C'est contre cet avenir que Mediha se bat. Dans le film, elle fait souvent allusion à ses propres luttes contre la dépression et l'anxiété. Il est intéressant de noter qu'une percée se produit dans une clinique spécialisée dans les génocides. Après avoir examiné des centaines de photographies de combattants d'ISIS, elle parvient enfin à identifier son ravisseur. Ce n'est qu'à ce moment-là que les autorités pourront le poursuivre en justice, à condition qu'elles puissent le trouver. Que les poursuites aient lieu ou non, l'expression du repérage et le sentiment d'une certaine forme d'apaisement sur le visage de l'adolescente sont indéniables. Cependant, il y a relativement peu de fins heureuses dans une histoire comme celle-ci.

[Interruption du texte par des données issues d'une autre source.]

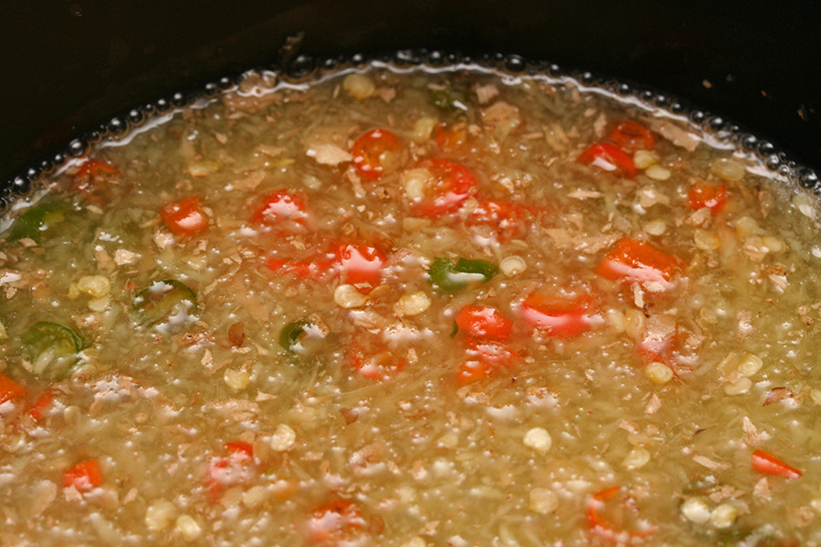 later in the evening i grated about 3 tablespoons worth of fresh ginger, chopped up half a dozen frozen thai chili peppers, and boiled everything in a cup of water plus a cup of sugar.
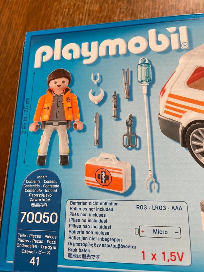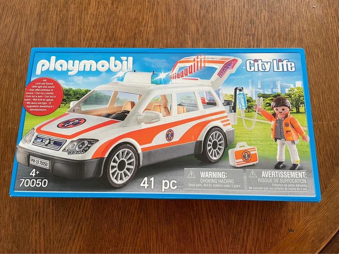 Boîte playmobil City Life 70050 Neuve Boîte jamais ouverte avec encore les scellés À partir de 4 ans Voiture et ambulancier et équipement pour médecin urgentiste Avec girophare effets lumineux et sonores ( piles non fournies) La banquette arrière est rabattable ) D’autres playmobil dans ma boutique
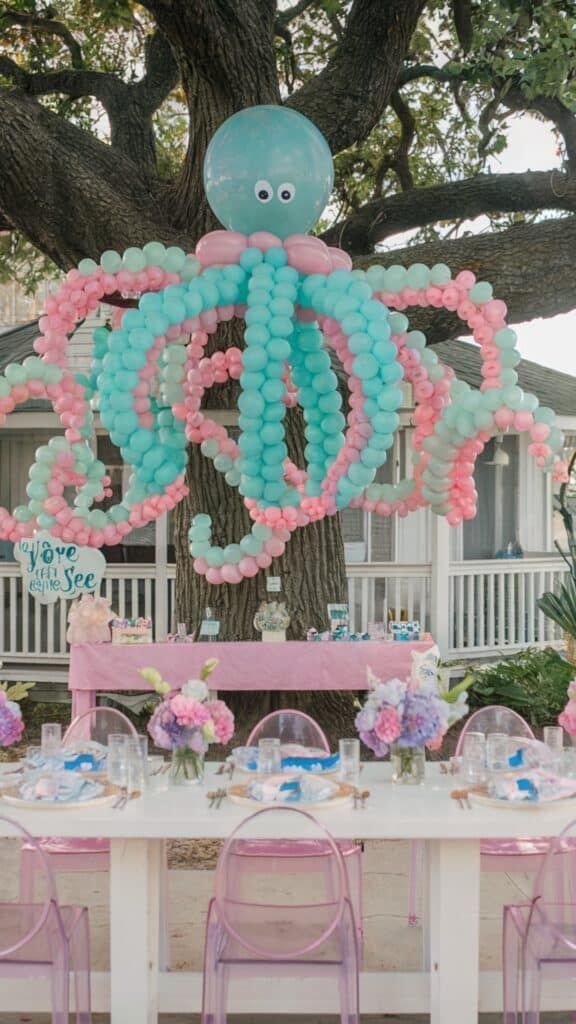 This spectacular under the sea birthday party features a massive octopus balloon centerpiece. It hangs from a tree, creating a whimsical and grand entrance. Its long, twisting tentacles are made of pink and blue balloons.

Ce documentaire bien informé nous emmène également derrière les images de trophée d'un autre Yazidi sauvé d'ISIS. Le groupe avait enlevé le plus petit frère de Mediha alors qu'il n'était encore qu'un bambin. Aujourd'hui âgé de cinq ou six ans, il est rendu à l'oncle Omar par la famille ISIS qui l'élevait en Turquie. Le soir de sa première nuit de retour, après l'excitation de retrouver "son peuple", le petit garçon fait une crise d'une ampleur catastrophique. Il sanglote pour sa Il sanglote pour sa mère, non pas Afaf dont il ne se souvient pas, mais la femme qui dormait habituellement avec lui et l'embrassait jusqu'à ce qu'il s'endorme. Seule sa grande sœur Mediha parle la langue qu'il connaît maintenant, le turc. L'étrangeté, la méfiance et la peur sont des sentiments que tous les enfants de cette famille ont ressentis à leur retour. Ils ne retrouvaient pas la maison qu'ils avaient connue, à savoir un village yazidi aujourd'hui abandonné. Ils revenaient dans un camping-car qui appartenait à leur oncle.

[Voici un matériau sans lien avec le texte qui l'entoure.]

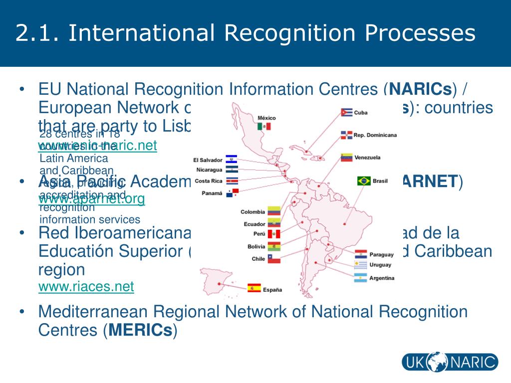 2.1. International Recognition Processes 28 centres in 18 countries in the Latin America and Caribbean region, providing accreditation and recognition information services • EU National Recognition Information Centres (NARICs) / European Network of Information centres (ENICs): countries that are party to Lisbon Recognition Convention) www.enic-naric.net • Asia Pacific Academic Recognition Network (APARNET) www.aparnet.org • Red Iberoamericana de Acreditación de la Calidad de la Educatión Superior (RIACES): Latin America and Caribbean region www.riaces.net • Mediterranean Regional Network of National Recognition Centres (MERICs)
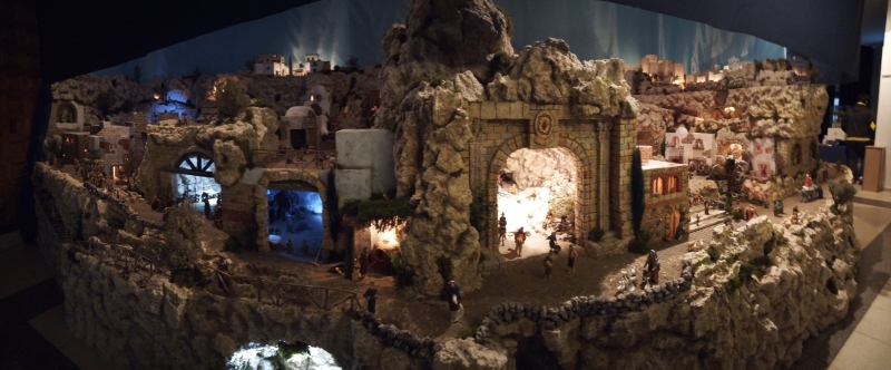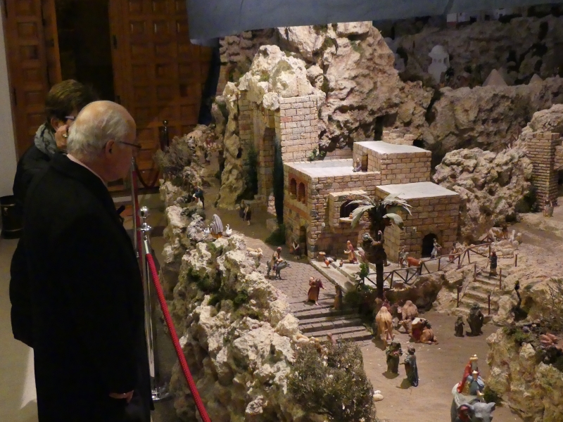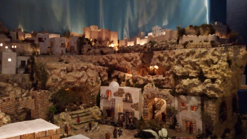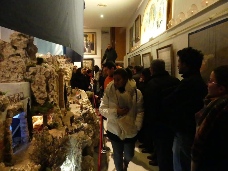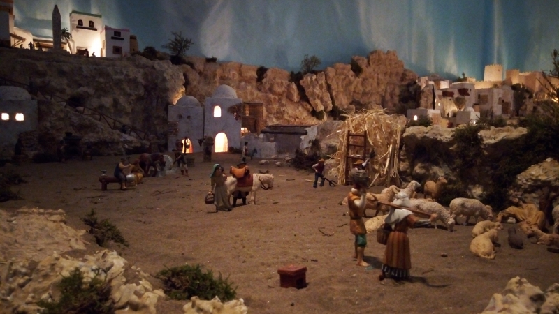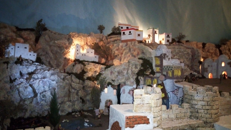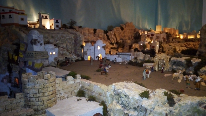 Un total de cerca de 400 piezas componen este Belén de alrededor de 25 metros cuadrados donde se pueden apreciar todas las escenas de la natividad de nuestro Señor. Este año, los artistas belenistas han dotado a esta representación navideña de distintas escenas que aportan la novedad que siempre se busca en nuestro Belén, junto a otra disposición de las ya habituales, que siendo las mismas, se ofrecen al visitante en otra posición y ubicación.

Mouna Hawa dans le rôle de Nawal dans Inshallah, a Boy, réalisé par Amjad Al Rasheed
Mouna Hawa dans le rôle de Nawal dans Inshallah, a Boy, réalisé par Amjad Al Rasheed (avec l'aimable autorisation de l'iMDB).

Difficile d'imaginer qu'un conjoint aussi à l'écoute de la vie conjugale ait une existence secrète qui se dévoile après la mort. Pourtant, il y avait des indices. Dans la scène d'ouverture de Inshallah a Boyla protagoniste féminine Nawal, interprétée par Mouna Hawa, harcèle son mari manifestement fatigué. Ils doivent répéter la performance de la nuit précédente s'ils veulent profiter de la fertilité optimale de son cycle mensuel et essayer d'avoir un bébé. Après qu'il soit mort cette nuit-là dans son sommeil, Nawal apprend que son mari a quitté son travail il y a plusieurs mois sans le lui dire. Un mystérieux appel ne cesse de sonner sur son téléphone portable, qu'elle n'est pas autorisée à déverrouiller en vertu de la loi jordanienne, car elle n'en est pas la propriétaire. Elle ne sait pas non plus que son mari a pris du retard dans le remboursement à son frère de l'argent qu'il a emprunté pour son pick-up.

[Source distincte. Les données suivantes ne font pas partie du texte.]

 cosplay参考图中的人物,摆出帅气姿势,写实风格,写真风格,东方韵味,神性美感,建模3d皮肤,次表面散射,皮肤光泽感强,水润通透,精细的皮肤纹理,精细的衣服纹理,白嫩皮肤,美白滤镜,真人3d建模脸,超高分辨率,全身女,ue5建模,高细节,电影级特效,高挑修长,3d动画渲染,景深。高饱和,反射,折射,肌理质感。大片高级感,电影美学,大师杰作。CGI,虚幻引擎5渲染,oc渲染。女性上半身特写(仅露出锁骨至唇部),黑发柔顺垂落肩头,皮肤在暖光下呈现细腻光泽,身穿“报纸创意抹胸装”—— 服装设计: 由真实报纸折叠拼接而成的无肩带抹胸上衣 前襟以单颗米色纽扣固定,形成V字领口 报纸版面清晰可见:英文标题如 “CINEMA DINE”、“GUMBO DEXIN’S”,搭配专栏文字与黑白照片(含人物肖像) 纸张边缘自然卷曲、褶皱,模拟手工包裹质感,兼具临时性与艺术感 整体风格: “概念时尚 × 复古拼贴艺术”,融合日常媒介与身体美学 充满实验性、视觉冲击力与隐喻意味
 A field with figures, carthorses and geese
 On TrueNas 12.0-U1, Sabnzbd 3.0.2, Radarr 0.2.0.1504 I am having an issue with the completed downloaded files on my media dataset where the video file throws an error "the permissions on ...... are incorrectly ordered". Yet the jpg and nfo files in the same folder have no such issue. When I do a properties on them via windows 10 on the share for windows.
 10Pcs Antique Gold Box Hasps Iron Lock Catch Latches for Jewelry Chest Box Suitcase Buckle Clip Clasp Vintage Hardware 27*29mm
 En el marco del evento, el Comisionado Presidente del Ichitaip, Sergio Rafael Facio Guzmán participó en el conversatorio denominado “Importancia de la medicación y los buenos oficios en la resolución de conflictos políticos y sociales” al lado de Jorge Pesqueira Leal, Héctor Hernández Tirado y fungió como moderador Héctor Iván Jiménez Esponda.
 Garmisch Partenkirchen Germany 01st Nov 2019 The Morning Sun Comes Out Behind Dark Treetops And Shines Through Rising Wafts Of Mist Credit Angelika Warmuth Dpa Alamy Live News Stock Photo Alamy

Pire encore, il a négligé de signer des documents officiels. Ceux-ci auraient prouvé que le produit de la vente des bijoux en or de Nawal et le salaire qu'elle gagnait en travaillant comme aide-soignante dans un foyer huppé d'Amman avaient servi à l'achat de leur maison. Plus que les liaisons extraconjugales qu'il a pu avoir, cet oubli signifie que sa belle-famille peut légalement vendre l'appartement de Nawal sous ses pieds. En outre, ils pourraient réclamer une part importante de l'appartement, ce qui pourrait les laisser, elle et sa fille, sans abri. Si elle se remarie, ils ont le droit légal d'assumer la tutelle de sa petite fille.



À qui appartient le corps des femmes ?

Inshallah a Boy est un réalisme social convaincant. Amjad Al Rasheed, qui réalise pour la première fois un long métrage, se trouve en France où le film a été présenté en avant-première. Il me raconte, toujours dans Zoom, qu'un de ses proches parents s'est retrouvé dans une situation similaire à celle d'Inshallah. Inshallah d'Inshallah, Nawal. "À ce moment-là, de nombreuses questions m'ont traversé l'esprit. Est-il possible pour une femme de dire "non" dans la société arabe - "non" à toutes ces règles et traditions ? Quelles sont ses options, que ferait-elle ? C'est de là qu'est née l'histoire de Inshallah un garçon."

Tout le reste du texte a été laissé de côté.